* [What you will do] What you submit must be an exact copy of the listing below, with no images in it.

* [Recorded information]
[Start of section]

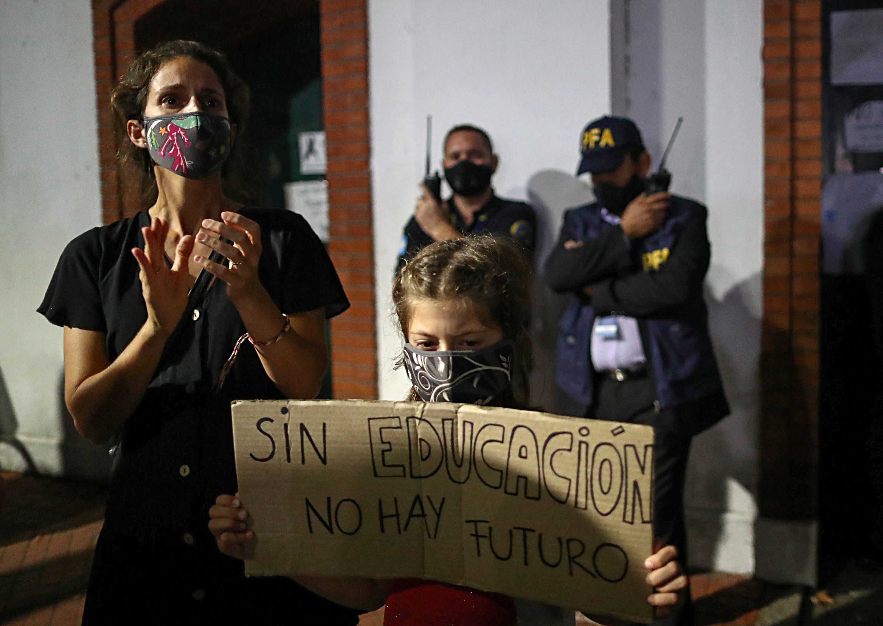 Por tercer día consecutivo, padres de miles de alumnos que desde este lunes no podrán tener clases presenciales por el cierre de escuelas decretado por Alberto Fernández en el AMBA, salieron a la calle a manifestar su bronca. Pero la protesta de ayer -bajo el hashtag 17A- cobró fuerza con una manifestación muy numerosas en el Obelisco porteño, la quinta presidencial de Olivos y el Ministerio de Educación. Y para el lunes está previsto un abrazo simbólico a los colegios de la Cuidad de Buenos Aires. Mientras, el gobierno porteño espera una respuesta de la Corte Suprema de Justicia a su pedido de amparo para mantener las clases presenciales.
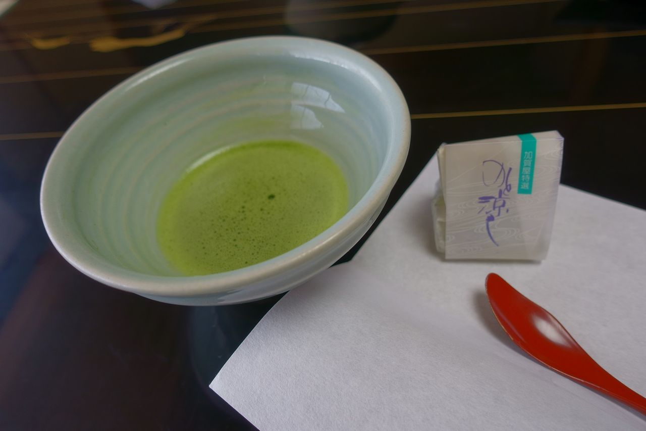 仲居さんが淹れてくれた抹茶とお茶菓子を頂きながら館内説明を聞きます。とにかく大きい旅館なので情報量の多いこと多いこと。夕食と朝食の時間を決めて、浴衣を受け取ります。
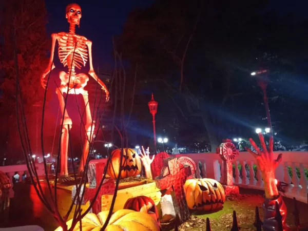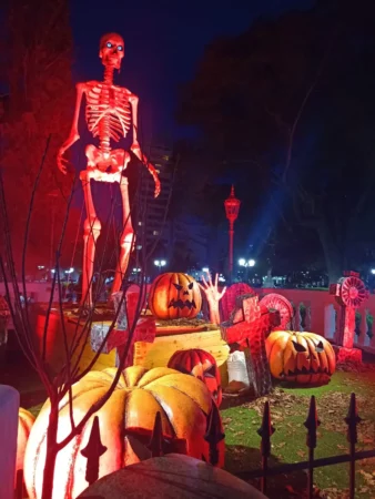 El sector intervenido había sido ambientado de forma particular para generar una estética de terror. Una máscara gigante del payaso IT había sido ubicada en la Bajada Belgrano, mientras que en la Plaza Mitre se había montado un espacio con tumbas, calabazas y esculturas de esqueletos, generando una escenografía que impactó a quienes circularon por ese punto.
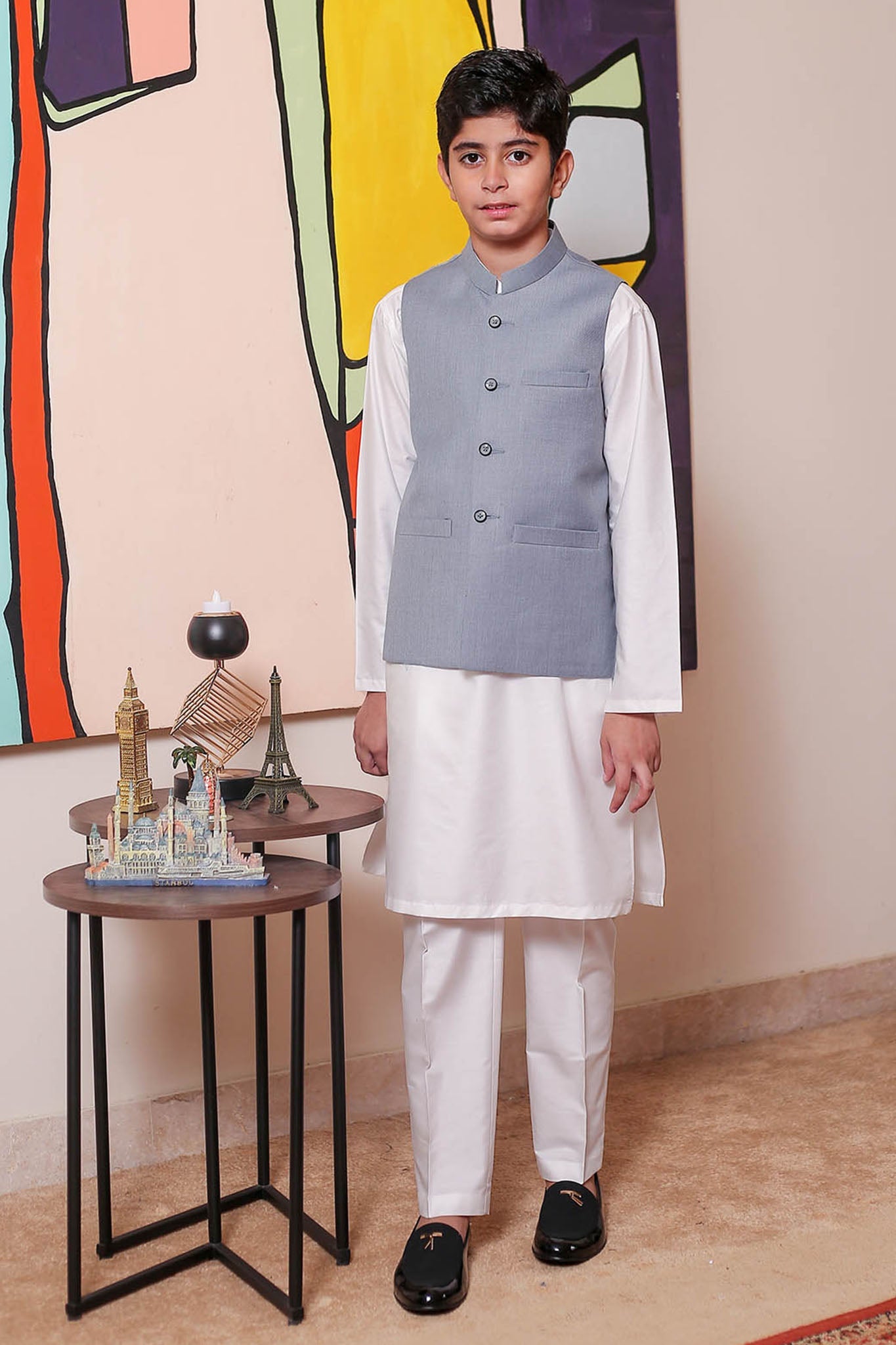 Formal Style Waist Coat for Kids , Suiting Fabric in Ash Grey Colour with Rich Weaved Design , Special for Festive And Wedding Wear

[End of section]

* [Output for this exercise]
 Por tercer día consecutivo, padres de miles de alumnos que desde este lunes no podrán tener clases presenciales por el cierre de escuelas decretado por Alberto Fernández en el AMBA, salieron a la calle a manifestar su bronca. Pero la protesta de ayer -bajo el hashtag 17A- cobró fuerza con una manifestación muy numerosas en el Obelisco porteño, la quinta presidencial de Olivos y el Ministerio de Educación. Y para el lunes está previsto un abrazo simbólico a los colegios de la Cuidad de Buenos Aires. Mientras, el gobierno porteño espera una respuesta de la Corte Suprema de Justicia a su pedido de amparo para mantener las clases presenciales.
 仲居さんが淹れてくれた抹茶とお茶菓子を頂きながら館内説明を聞きます。とにかく大きい旅館なので情報量の多いこと多いこと。夕食と朝食の時間を決めて、浴衣を受け取ります。
 El sector intervenido había sido ambientado de forma particular para generar una estética de terror. Una máscara gigante del payaso IT había sido ubicada en la Bajada Belgrano, mientras que en la Plaza Mitre se había montado un espacio con tumbas, calabazas y esculturas de esqueletos, generando una escenografía que impactó a quienes circularon por ese punto.
 Formal Style Waist Coat for Kids , Suiting Fabric in Ash Grey Colour with Rich Weaved Design , Special for Festive And Wedding Wear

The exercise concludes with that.